The 805 Bren is a gas-operated piston system that uses a rotating bolt — like an AR15 — and a manual gas regulator. The gas regulator has two positions, one for standard and one for adverse. The standard position allows for less gas to cycle the piston rod and should always be used unless the firearm isn’t functioning properly due to ammunition or environmental conditions. The adverse setting allows for more gas to cycle the piston rod, which is what you want under adverse conditions. If used under conditions that are not adverse, the extra gas batters the piston/bolt assemblies, creating extra wear and shortening the lifespan of the firearm.

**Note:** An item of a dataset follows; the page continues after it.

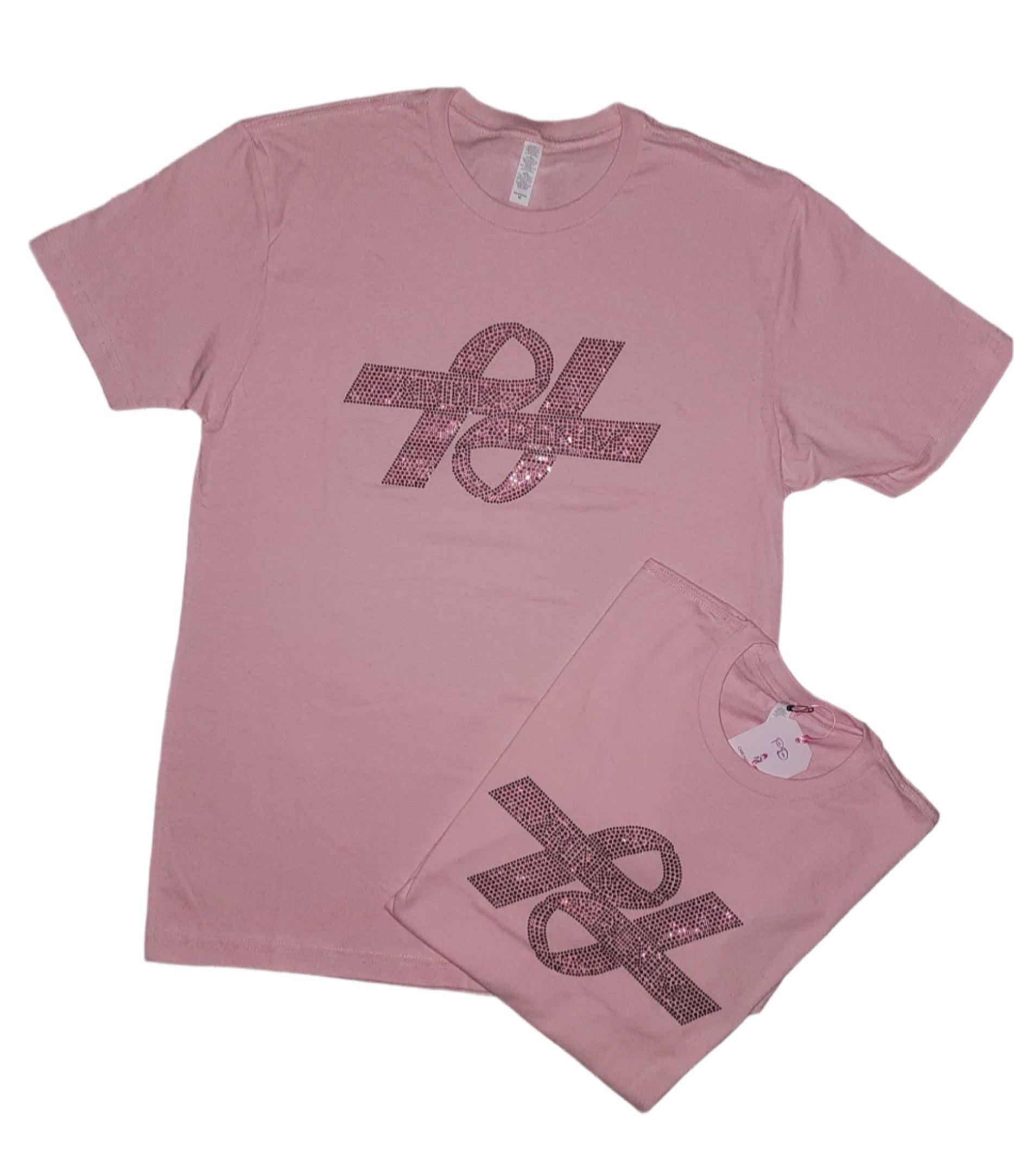 This Pink on Pink Rhinestone Double Ribbon Design is UNISEX T-shirt (garments that are sized based on mens measurements, so ladies please order a size down)

It is modular and multi-caliber with an aluminum alloy monolithic upper receiver and a polymer lower receiver. The lower receiver separates into two parts, the fire control unit and magazine housing. The magazine housing is attached to the fire control unit, but can be easily detached for caliber changes that require different magazine types. For example, when swapping it out to fire the 7.62x39 Soviet caliber, that requires a different magazine. It has a quick change barrel, and only requires loosening six screws to change barrels. Then the bolt face needs to be changed and the magazine well, if applicable. It’s a pretty simple process.

The lower receiver is one of the few polymer parts on the firearm, most of the parts inside are metal alloy.

At this point, CZ has three calibers, the original caliber plans that were drawn up when the rifle was designed: 5.56 NATO, 7.62 Soviet, and 6.8 SPC. However, at this time only the 5.56 NATO is available. A marketing representative has told me that the other caliber options will only become available when there is enough demand to warrant making them. That seems like a catch-22, however, because they’re not taking orders for them, nor are they tracking who wants them, so I’m not sure how they are deciding whether or not there is demand. What it will boil down to is a large order placed for them — i.e. a country wants to arm its military or police with one of the other calibers. Then they will make them available to the civilian market. Until then, it looks like another manufacturer making empty promises about a multi-caliber weapon system. But CZ’s not alone in that.

The original 805 Bren came in four barrel lengths/styles: carbine, standard, marksman (long) and squad automatic (heavy). Each of those barrels is hypothetically available in every caliber offered. Depending on demand, these four barrel lengths could potentially be offered in the U.S.

The 805 Bren S1 Carbine, new in 2016, is the civilian-legal semi-automatic version of the 805 Bren A1. (Photo by CZ-USA)

In 2015, when the 805 Bren was first released into the U.S. market, it came in the S1 Pistol model. This uses the 11-inch barrel, the same barrel used in the Czech A2 model that uses the carbine length barrel. The A1 model uses the standard length 14-inch barrel. The A1 and A2 models are the military-only models that come in select fire and aren’t available in the U.S.